The plays themselves are a small corpus of an ever-expanding Mesoamerican literary movement that now includes diverse forms of literary and video media, drama, poems, and novels. Monkey Business Theater also becomes one of a few very good recently published anthologies of Mesoamerican literature (See Leon-Portilla and Shorris 2001; Frischmann 2007; Taylor and Constantino 2003). The genres of the plays are often hard to classify in Western terms reflecting deeper Maya considerations of time and place. Mythical/modern or mythical/historical, the bases of many of the dramas are highland Maya village tales, re-combinations of creation “epics,” folk parables, and unique Maya historical retellings. Many of the plays also reflect the current socio-political conditions in Chiapas illuminating Maya sentiment and subjectivity in light of the impact of neoliberal politics, corruption, and traditions of assimilationist state social policies.

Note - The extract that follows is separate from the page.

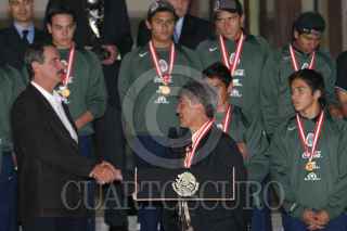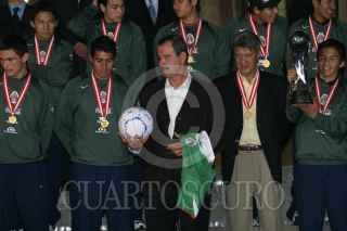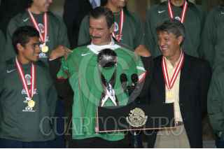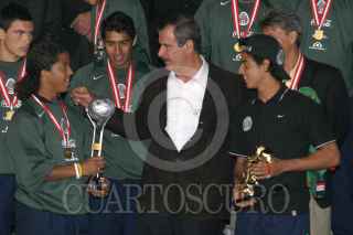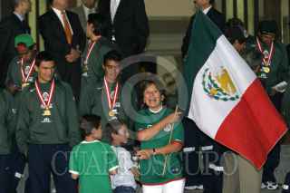 MEXICO, D.F. 03OCTUBRE2005.- Xochilt Galvez, secretaria de asuntos indigenas, festeja con integrantes la Sub-17 su triunfo como campeones Mundiales de la especialidad. FOTO: Nelly Salas/CUARTOSCURO.COM

“Lessons” in the plays are straightforward, the characters weaknesses transparent. The plots of the plays are illuminating in that they at once inscribe a substantial underlying cultural substrate of enduring Mesoamerican themes, (i.e., sacredness of corn, scorn for arrogance, the value of work) while weaving in contemporary social drama and overlying themes of cultural revitalization . The “moralistic though humorous orien­tation” of many of the dramas “parallels that of pre-Hispanic morality farces such as “Envy and Spite, which formed part of the Baktun ceremonial held at Merida in 1618” (Frischmann 2007:30). This form of humor is also prevalent in manifestations of “ritual humor observed during the 1960s and 1970s by Vic­toria Reifler Bricker,” (Frischmann 2007:30) but also commonly observed in the “burlesque-ing” of Spanish colonial figures in contemporary cultural festivals in the Maya villages of Zinacantan, San Juan Chamula, and Tenejapa. The literary themes of the plays are also consistently reinscribed and recomposed in other small media production enclaves in San Cristobal de Las Casas, in photography, Zapatista video production, and in other grassroots writing workshops (Taller Leñateros). These literary themes provide a small but important part of the cultural substrate underlying the “embedded aesthetic” of Maya media production:  “a [inner cultural] system of evaluation that refuses a separation of the textual…from broader arenas of social relations” (Ginsburg 1994:368).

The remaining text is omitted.